Eglinton was another visitor to the Clarkia site, from which he returned with a sample of the darkened ancient leaves. Back in the lab, he took a scalpel to detach the outer layer of one of the fossil leaves from the Clarkia bed, and used a special solvent to dissolve what lipids remained. This solution was subjected to a highly sensitive method of organic analysis called GC/MS (gas chromatography/mass spectrometry). What the analysis demonstrated was that the waterproofing lipid molecules in the Clarkia leaves were in reasonably good shape. There may indeed have been pockets of cellular tissue protected from water, in which case Lindahl’s rate estimates need not apply. His studies had been on DNA in an aqueous medium. However, there was
something else rather odd about the Clarkia lipids.

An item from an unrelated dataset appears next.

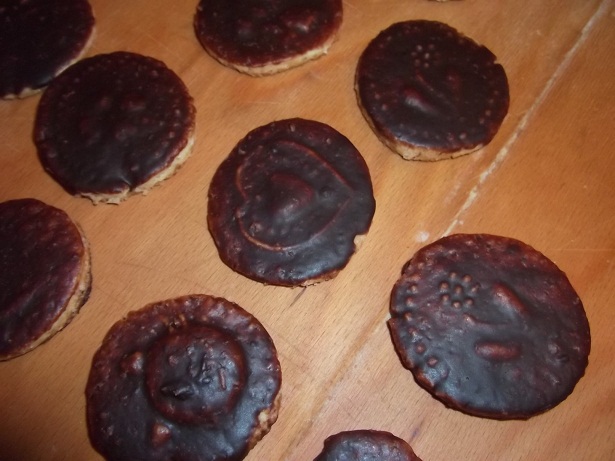 Aztán eszembe jutott, hogy ugye múltkor is már be akartam mázazni őket. Mármint kekszeket, elnézést a szakmai áthallásért. 🙂 Ja és csokival, természetesen. Nem is lett rossz, bár még nem tökéletes: vaj helyett pici olajjal fényesebb lenne, és ahhoz, hogy a nyomott minták szépen átüssenek a csokin, elég hígra kell komponálni a mázat. Kevés vízzel hígítottam, belemártottam, és az utolsó darabnál rájöttem, hogy finoman ecsettel rákenve is jól mutat.
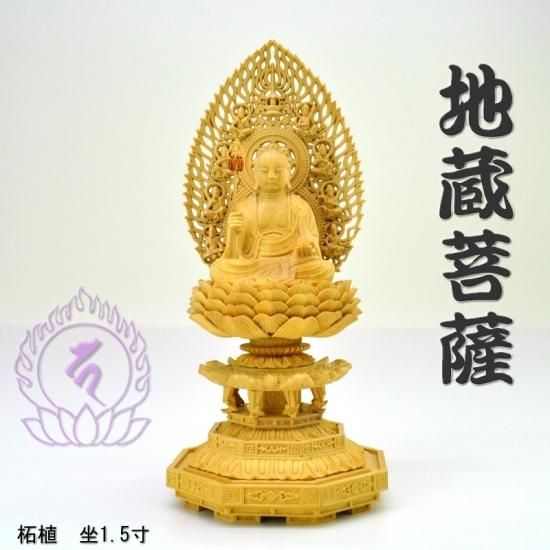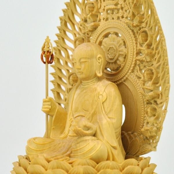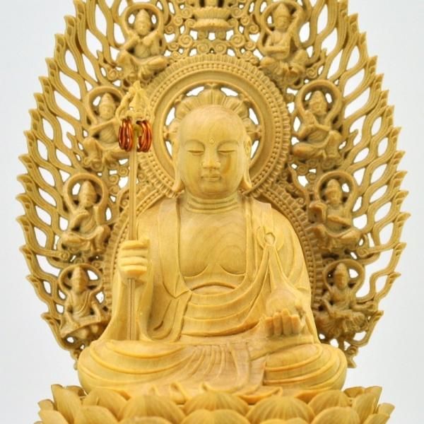 主な役目は、地獄・餓飢・畜生・修羅・人間・天上の六道を輪廻転生しながら、苦しむ人々を救うことです。頭を丸めた僧の姿をし、右手には六道を巡っている象徴である錫杖、左手にはどんな願いでも叶える如意宝珠を持っています。

Eglinton did not stop there; he also wanted to contrast the lipid profile in what was visibly discernible as the leaf’s waterproof envelope and the lipid content elsewhere in the deposit. What one might expect is a sharp contrast between the two, confirming that the lipid signal received corresponded to the envelope itself. Instead, what he found was that the leaf lipids were not confined to the leaf itself. They had dispersed into the surrounding sediment. Rather like the Somerset Levels peats, the exceptional appearance of the leaves, buried so long ago under the Clarkia muds, betrays how speedily so many decay processes were arrested. However, just as in the more recent peat, they weren’t arrested completely. The Clarkia leaves changed colour, and we can guess from peat processes how that happened. The lipids also intermingled with the sediments, and we are less clear what was going on there. At some stage, living bacteria came on to the scene, as is clear from Pääbo’s results. When they came is less clear. They might represent a quite recent contamination. Could they, on the other hand, not have lived within the sediments for much longer, and could this be linked to the reworking of the lipids? These are questions that remain open.

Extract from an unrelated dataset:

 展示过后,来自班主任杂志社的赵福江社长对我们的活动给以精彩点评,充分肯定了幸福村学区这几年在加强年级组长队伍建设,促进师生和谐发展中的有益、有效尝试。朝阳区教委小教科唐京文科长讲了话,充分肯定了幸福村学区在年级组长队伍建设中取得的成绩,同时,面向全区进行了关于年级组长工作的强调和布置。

Scientific funding is fickle. As with economic predictions, it depends as much on ‘community confidence’ as on cool rationality. There were undoubtedly questions left unanswered by the Clarkia DNA papers, but the answers would variously be negative, cautious or complex, and perhaps lack the immediate impact a future front page of Nature would require. There was a sense of a downturn in the prospects for Magnolia DNA, and the science funding bodies chose to invest elsewhere. In Michigan, Edward Golenberg shifted of necessity to new areas of research without having gained the means to resolve the Magnolia issue once and for all.